An extremely fast-paced, tightly constructed film in the tradition of, but far superior to, 'Legend of Hell House', the film milks the haunted house sub-genre for all its worth. Effectively blending suspense and horror with credible psychoanalizing (Crenna's scepticism introduces a rational/supernatural opposition reminiscent of 'Night of the Demon').
TWICE DEAD: A superior variation of 'Last House On the Left' with a Hollywood ghost-story twist. A downwardley mobile family move into the decaying mansion where a 1930's actor committed suicide; the neighborhood has declined too, and a gang of violent punks loiter outside, threatening to rape Jill Whitlow and kill her brother Scott, while the ghost protects the family.

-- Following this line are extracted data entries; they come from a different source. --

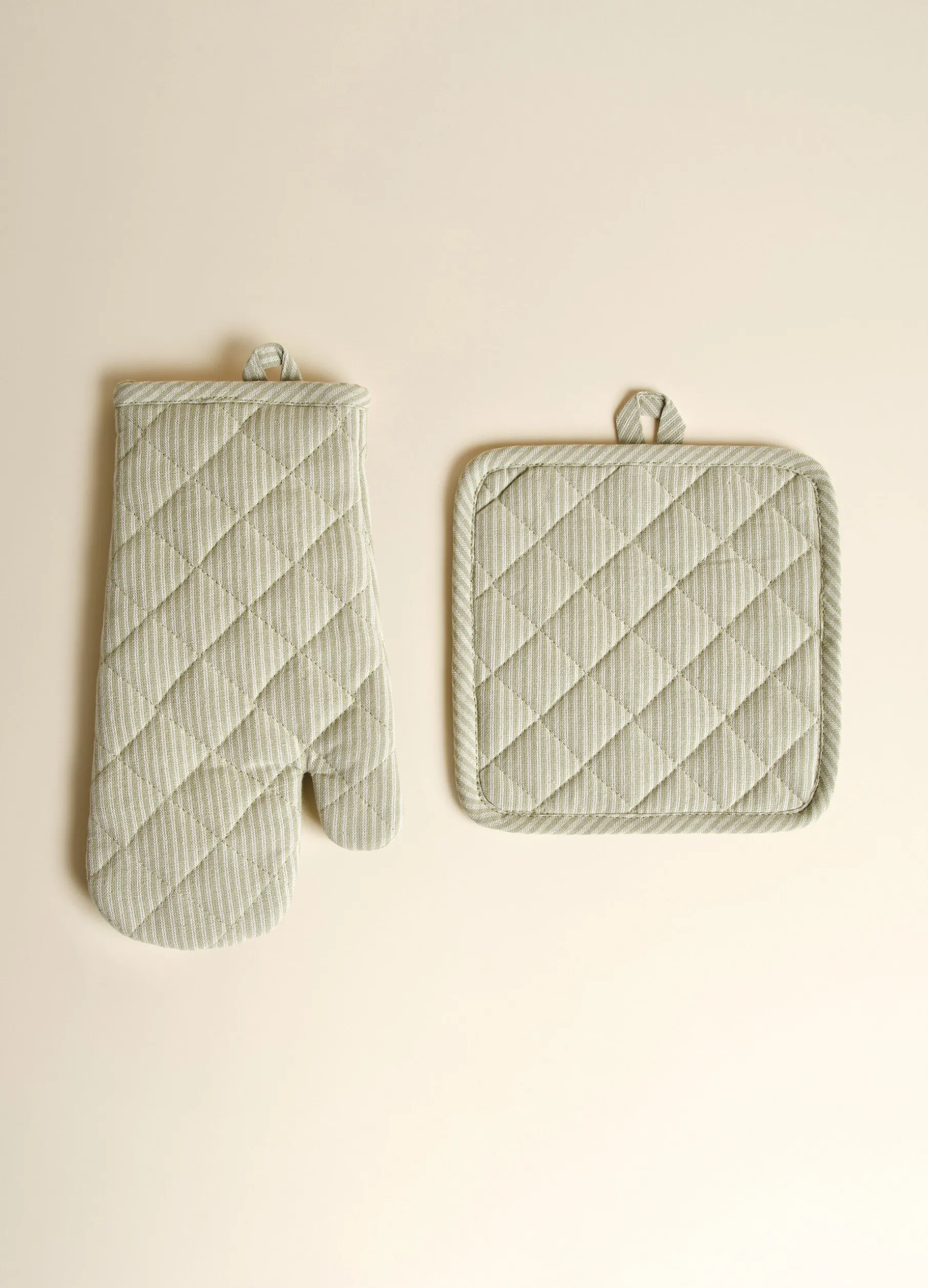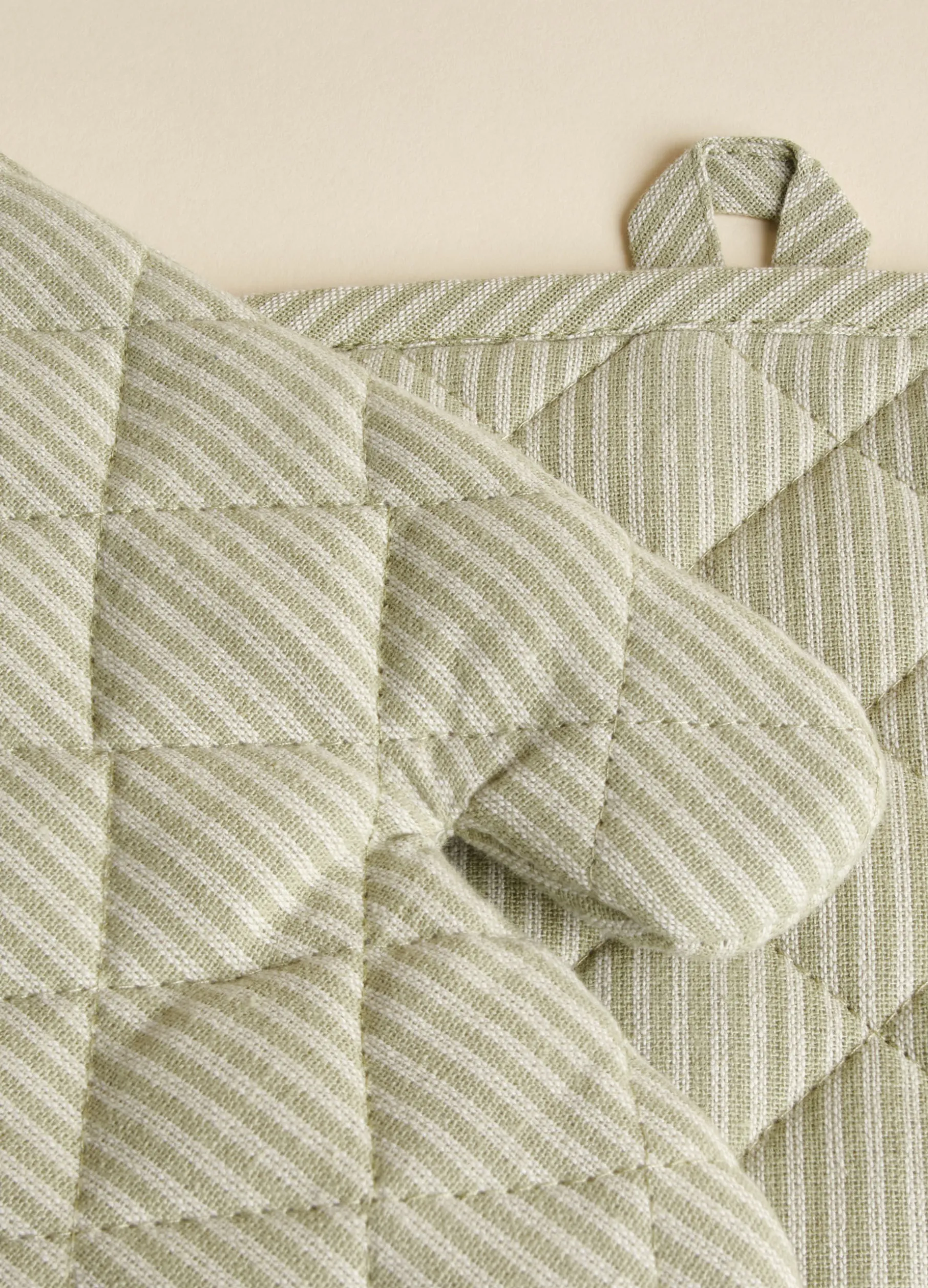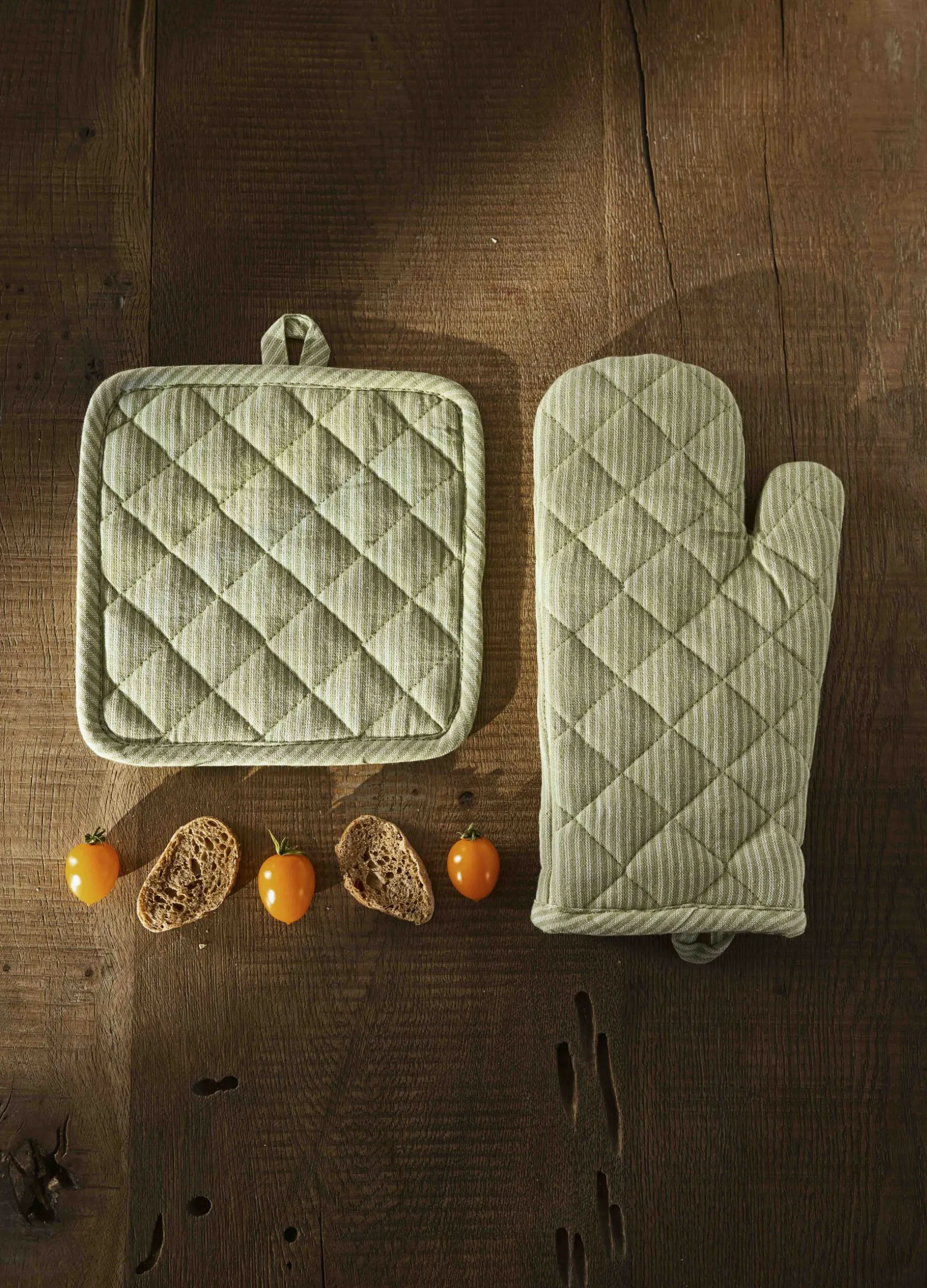 Bipack con 1 guanto e 1 presina. Stampa a righe. Esterno in puro cotone. Linea ECO by Croff.
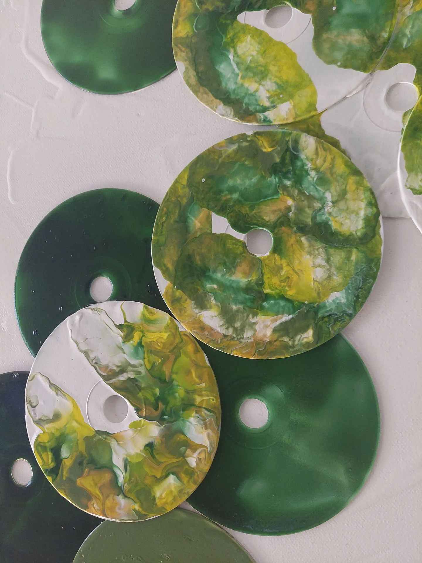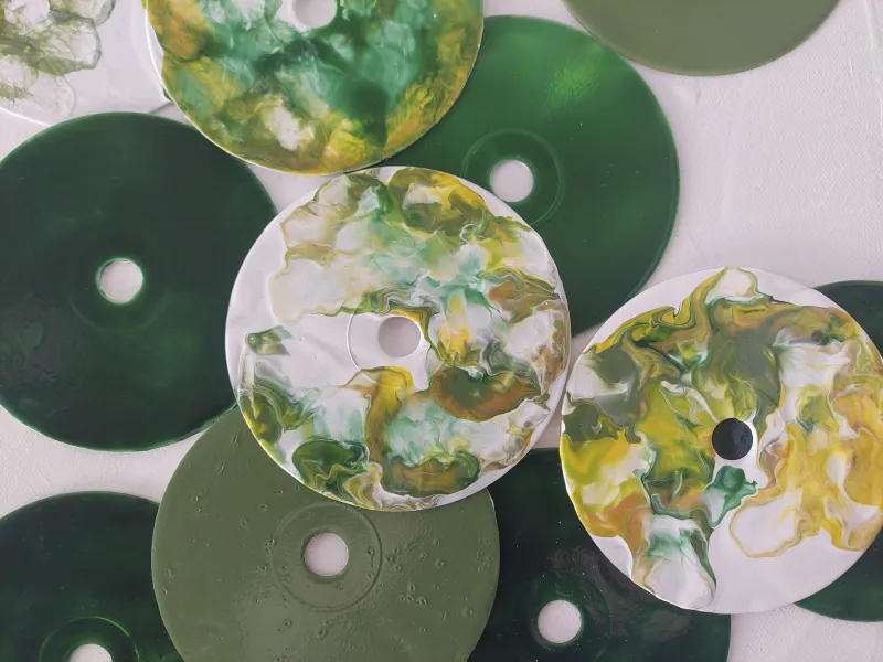 Achten Sie darauf, dass bemalte Flächen nicht in direkten Kontakt mit anderen Materialien (wie Papier oder Plastikverpackungen) kommen. Trotz Versiegelung könnten die Flächen verkleben und sich nur schwer – oder gar nicht – ohne Schäden voneinander lösen.
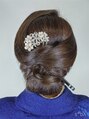 落ち着いた大人向けのアップスタイルです。シニヨンスタイルですが編み込みを入れて少し可愛らしさも演出してます。硬い所への出席でもカジュアルな席でもどちらでもこなせるスタイルです。
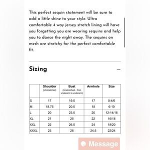 Small patch of sequins missing on the back of 1 arm. See last photo
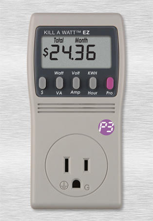 P3's new version does automatic calculation, and it also has a battery-powered memory to retain measurements even when unplugged. We still recommend using a short extension cord, because it's often difficult to read the Kill-A-Watt when it's plugged in to the wall. We recommend checking devices you suspect of high usage, and also those you don't. A laser printer, for example, uses very little power when idle, but things like an electronic pet-containment fence or even a doorbell can use much more than you'd suspect. Visit p3international.com/products/p4460.html for more information.
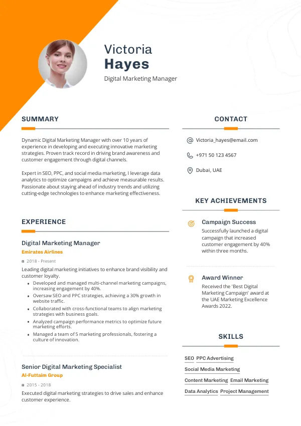 The UAE's commitment to becoming a digital hub will create stable career opportunities for Digital Marketing Managers in 2026. Companies are likely to seek international talent to fill these roles, enhancing visa opportunities for qualified candidates. A TrueCV-optimized resume can position you as a strong candidate in this competitive market.
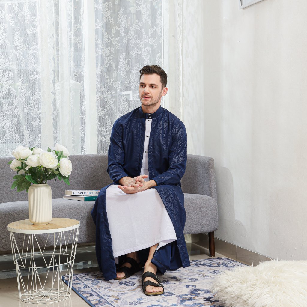 Jubah pria luaran gamis premium lengan panjang motif terbaru gamis AL-AZHAR fashion muslim
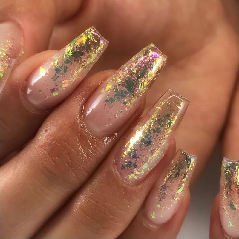Самый простой и эффективный способ создать трендовый дизайн маникюра предполагает под собой использование базы с поталью разных цветов. Обязательное условие — это липкий слой у базы, иначе поталь не сможет приклеиться к ногтевой пластине.
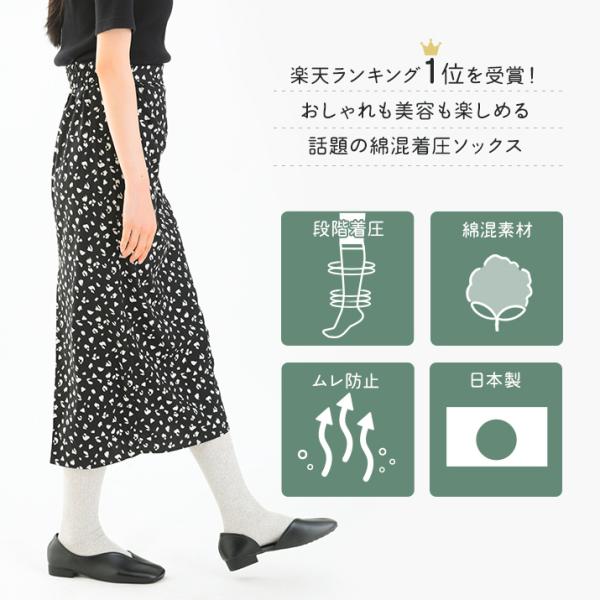 ハイソックス 着圧 綿混 美脚 引き締め
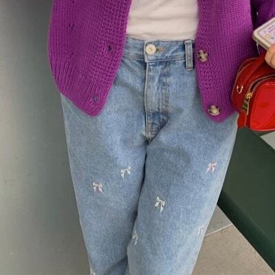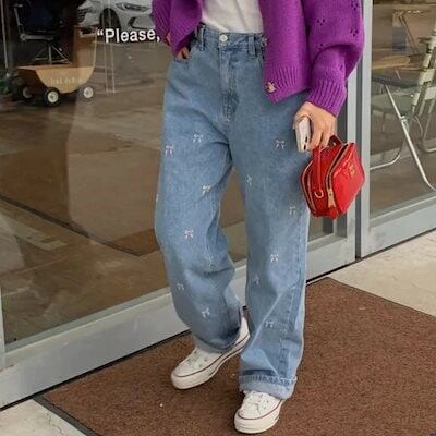 新品更新 [高品質]ロングパンツ デニム シンプル カジュアル お出かけ リボン かわいい レディース【大きいサイズ レディース 春夏 下着 ボトムス ストレート スキニー ショーツ pants】
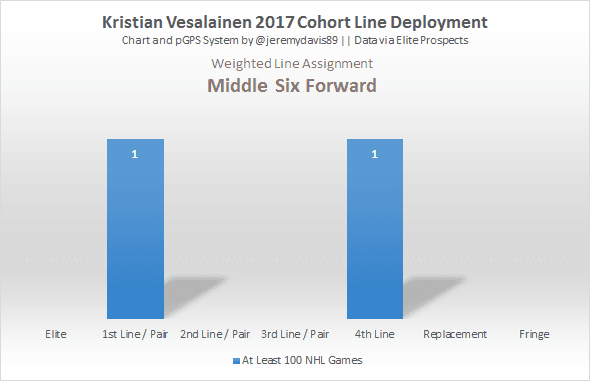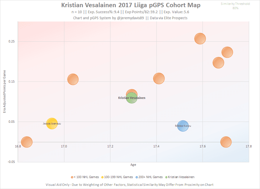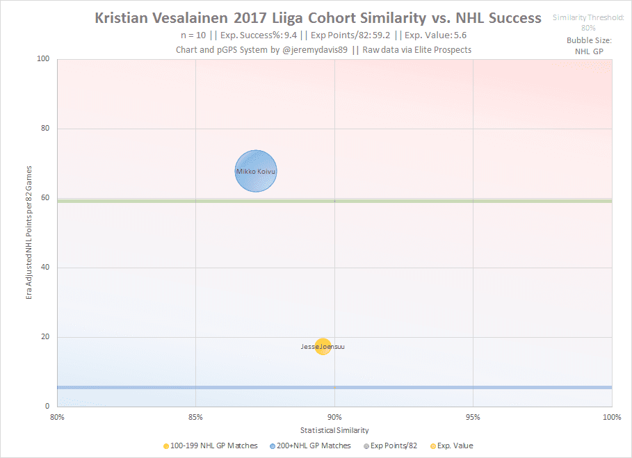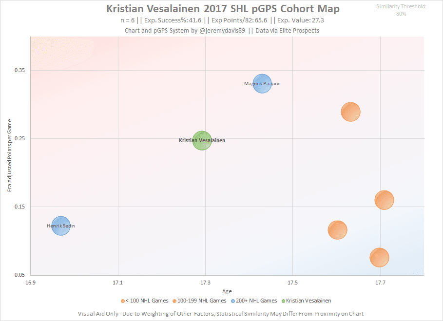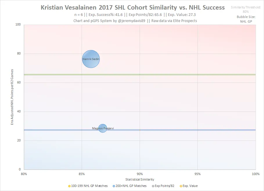 Because Vesalainen played more than a handful of games in a couple of leagues, I’ve included the results of both the SHL and Liiga cohorts here. His one point in nine games in the Finnish Liiga didn’t net him a particularly high likelihood of success (though his single match with 200+ NHL GP was the very successful Mikko Koivu), but his SHL cohort certainly did, despite a points per game of 0.23 that some have portrayed as lackluster or disappointing. Magnus Paajarvi and Henrik Sedin are included in Vesalainen’s Swedish cohort – although Henrik was in his draft-minus-one season at the time, they’re really only a few months apart in age relative to the start of the relevant seasons.
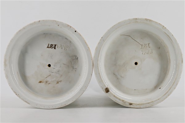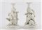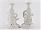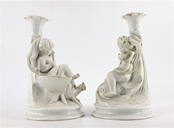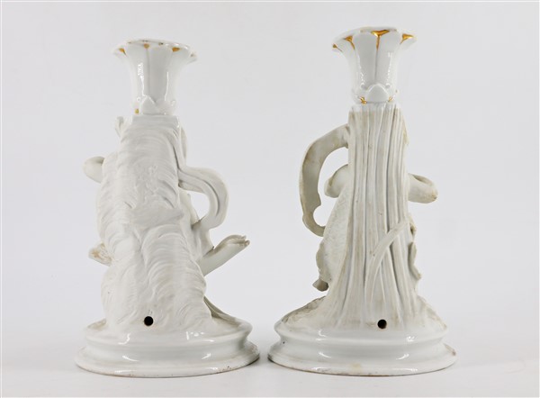 Manifattura del secolo XIX. Coppia di candelieri in biscuit e porcellana con so
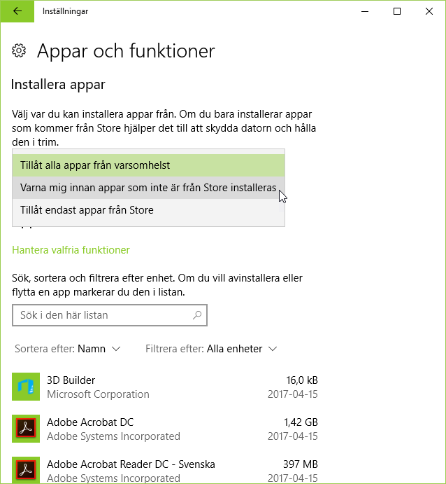 För att minska risken för att appar med okänd säkerhet orsakar problem i datorn går det nu att begränsa installation till enbart de appar som erbjuds via Store. detta sker via inställningen Appar och funktioner.
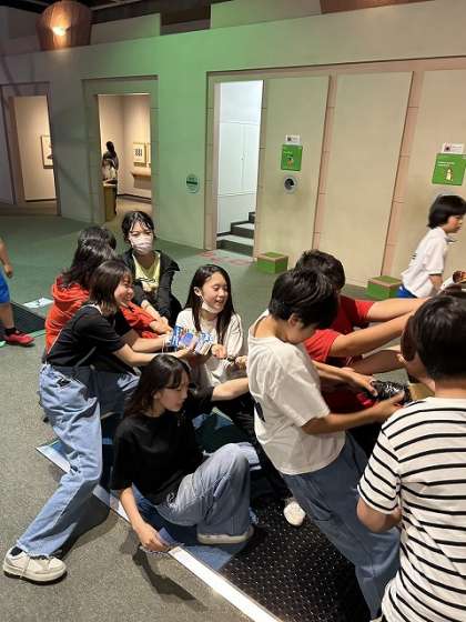 みんなで力を合わせると、どれくらいの力がだせるかな?ということで、みんなで一生懸命引っ張りました。

In a three-act structure: the film sets up its conflicts, then has the gang lured to the house by Scott (a drama major who has become obsessed with the '30s actor's famous trickery) and terrorized by bogus horror stunts, with a second go-round as the gang return to act bloody revenge only to have the ghost dispose of them through genuine supernatural intervention.
The contrast between jokey mock horrors (an 'Alien'-style rubber phallus exploding from a thug's crotch) and real deaths (a couple fried during sex by a faulty electric blanket) is effective, allowing the film to pull off a smooth mood switch between light and sombre.